Chose curieuse, le réalisateur Denys de La Patellière, l'un des habitués des grands succès du box-office, n'a pas eu plus de chance cette année avec un autre de ses films, Soleil noir, qui, malgré sa vedette, Michèle Mercier, l'héroïne des Angélique, n'a pas tenu l'affiche.

Raoul Lévy, avant sa fin tragique, a tourné un film, l'Espion, qui ressemble beaucoup au Rideau déchiré, d'Alfred Hitchcock, et sort même grandi de la confrontation. On pouvait espérer beaucoup de ce producteur qui semblait avoir trouvé sa voie dans la mise en scène.

Jean-Paul Belmondo (Tendre Voyou), Robert Hirsch (Martin soldat), Jean Marais (Le Saint prend l'affût), Mireille Darc (la Grande Sauterelle), Charles Aznavour (Le facteur s'en va-t-en guerre) ont pu, par leur seule présence au générique, assurer un succès mitigé à des productions qui sont loin d'être les meilleures de leurs auteurs et qui pèchent toutes par des facilités et des vulgarités.

L'ex-« nouvelle vague »

Que deviennent les auteurs de l'ex-nouvelle vague ? Jean-Luc Godard tourne, bien sûr. Il tourne peut-être un peu trop vite n'importe quoi. Le style demeure, la désinvolture, le charme séduisent toujours, mais la cuvée 1966 n'est pas la meilleure. Coup sur coup, Made in USA et Deux ou trois choses que je sais d'elle ont été proposés à la sagacité des spectateurs.

Les inconditionnels ont applaudi, les irréductibles se sont une fois de plus esclaffés. Ce sont là des attitudes dangereuses : vouer un culte à Godard paraît tout aussi ridicule que de ne lui accorder aucun crédit. Son influence reste très importante sur la jeune génération. Il est simplement permis de préférer Pierrot le fou à Deux ou trois choses... La Chinoise, son prochain long métrage, réconciliera-t-il les spectateurs ? Il est permis d'en douter.

Claude Chabrol, dans le Scandale, est revenu à son inspiration des Bonnes Femmes. Eric Rohmer a beaucoup surpris dans la Collectionneuse : on peut considérer ce film élégant et précieux comme un essai littéraire sur le cynisme et le marivaudage d'une certaine jeunesse contemporaine.

Trois nouveaux venus

Un ancien photographe, William Klein, auteur de plusieurs courts métrages (dont Cassius le Grand, couronné au Festival de Tours), a réalisé Qui êtes-vous Polly Magoo, sur le monde fou fou fou fou de la mode. Édouard Luntz, de son côté, a réussi à renouveler le thème des blousons-noirs dans un film (les Cœurs verts) qui ne doit rien aux Tricheurs et autres Terrain vague de Marcel Carné. Enfin, José Varela, dans Mamaia, a lancé Jean-Pierre Kalfon et Adriana Bogdan.

Alain Robbe-Grillet dans Trans-Europ-Express et Marguerite Duras dans la Musica ont tenté de concilier le cinéma et la littérature. On peut penser que Marguerite Duras (avec l'aide de Paul Seban) a signé un film très personnel où Robert Hossein fait une grande création. Quant à Alain Jessua, il a décrit avec talent le monde des bandes dessinées dans Jeu de massacre, où l'on remarquait un nouvel acteur très prometteur : Michel Duchaussoy.

États-Unis

Le cinéma américain se meurt, le cinéma américain est mort. Cette phrase, grommelée par des esprits grincheux, est un jugement qui mérite appel.

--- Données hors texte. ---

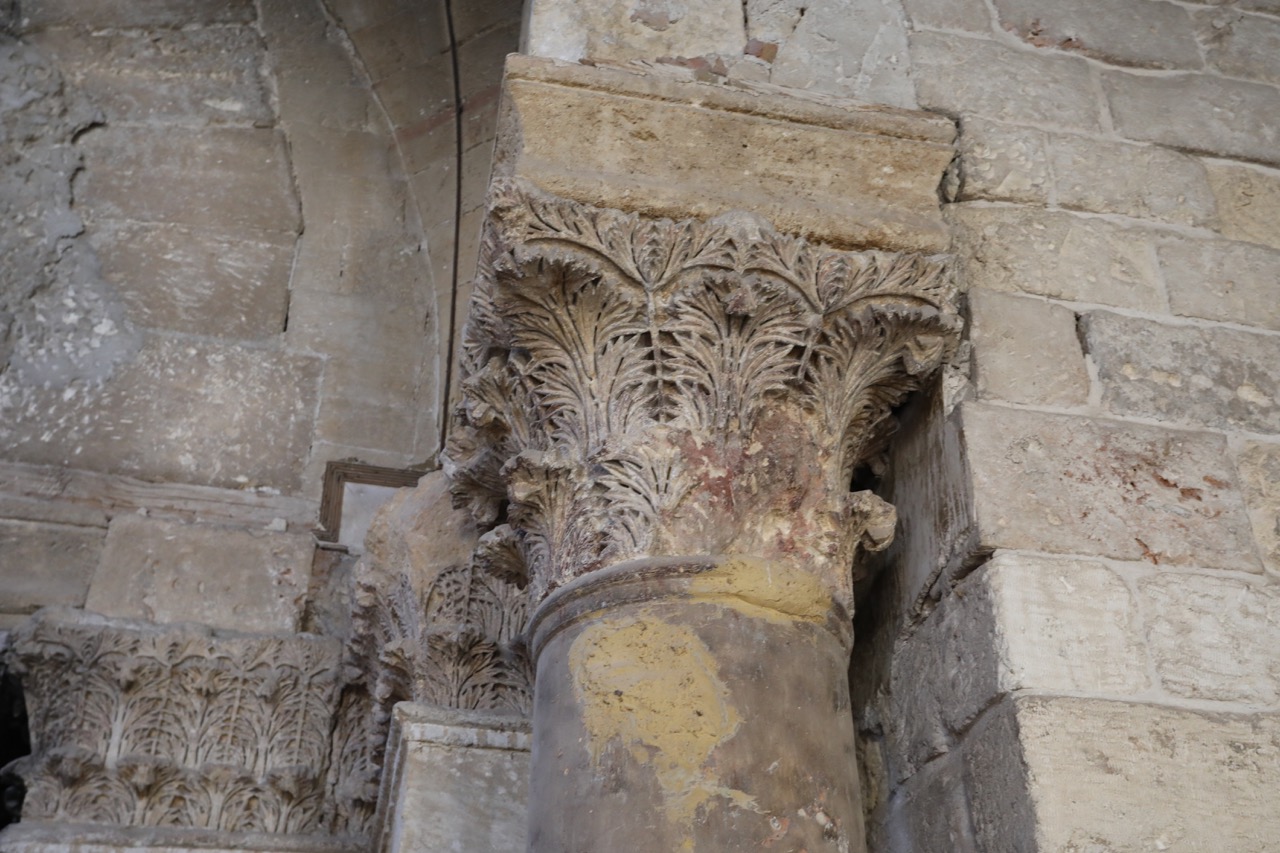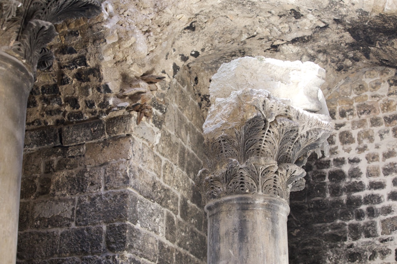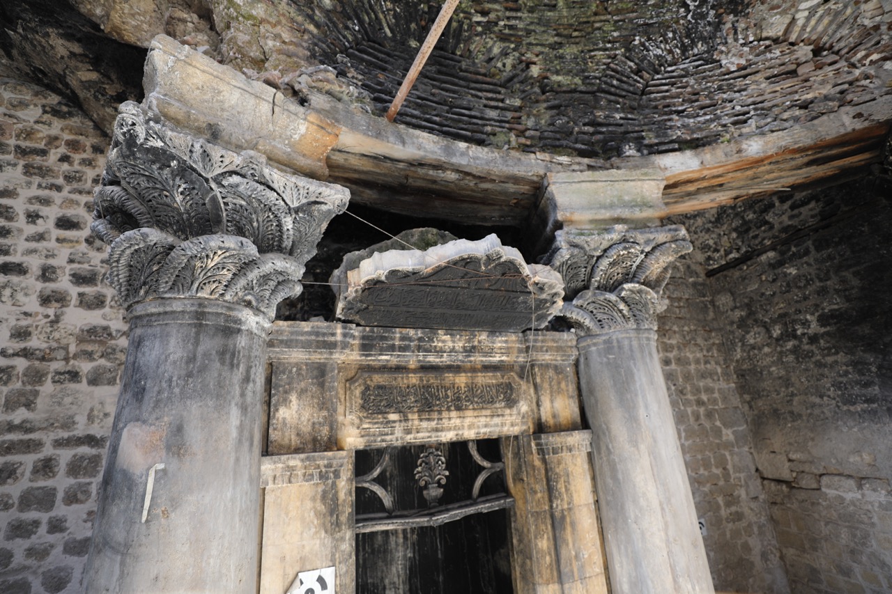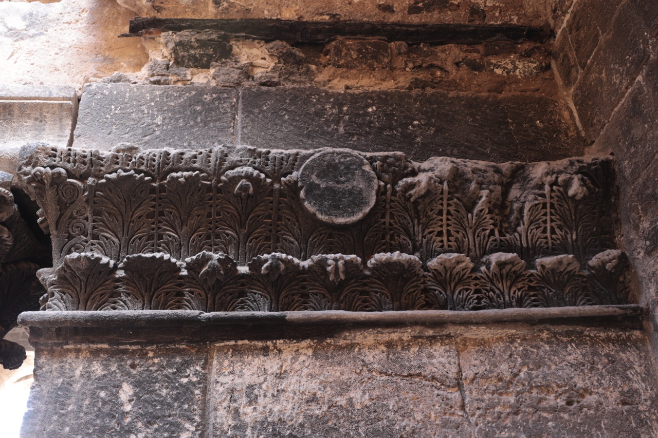 Столпы украшены резными карнизами с листьями аканфа (со стесанными медальонами), а колонны на высоких постаментах — резными коринфскими капителями, причем по центру экседры две капители сделаны в виде завитых ветром листьев аканфа в два ряда, с разным направлением. Во внутренних углах столпов, над карнизом, вставлены небольшие сложно профилированные консоли. На торце стены к северу от северо-восточного столпа помещена необычная капитель в виде чаши. Кроме того, далее к северу, в западный фасад внутреннего двора медресе встроены поддерживающие исламскую арку две византийские колонны с родными пьедесталами и капителями. Еще две византийские колонки с капителью вставлены в помещения второго яруса в северной и восточной части комплекса медресе. У западного портала медресе вторично использована кубическая купель с плоской резьбой (изображения крестов и орнамента) на одной стороне. Грабительские раскопки у северо-восточного столпа показали, что первоначальный уровень пола был значительно ниже и что колонны стоят на типичных для Сирии пьедесталах (как и вторично использованные колонны во дворе). По типу резьбы К. Штрубе датирует византийскую постройку концом V — началом VI в., т.е. временем строительства основных колонных тетраконхов Сирии.

Sans doute les États-Unis (dont la production était de 180 films en 1966) sont-ils volontairement absents des principaux festivals de cinéma où, depuis quelques années, les jurys avaient systématiquement tendance à bouder tout ce qui venait d'Hollywood.

Les superproductions

Pourtant, le Docteur Jivago, de David Lean, à défaut de respecter intégralement l'œuvre de Pasternak, respecte au moins les servitudes — et les grandeurs — de la superproduction : une nouvelle star, Julie Christie ; une débutante à qui il manque seulement de se faire un prénom, Géraldine Chaplin ; de beaux paysages, une photographie souvent remarquable. Il ne s'agit sans doute pas d'un chef-d'œuvre, mais, dans la ligne de Lawrence d'Arabie ou du Pont de la rivière Kwai (du même David Lean), c'est un spectacle de prestige qui ne manque ni de charme ni de vigueur.

Les grands metteurs en scène américains ont légèrement déçu : on attendait mieux de William Wyler (Comment voler un million de dollars ?) après son remarquable Obsédé. Le charme d'Audrey Hepburn et de Peter O'Toole ne peut entièrement masquer le manque de punch de la réalisation.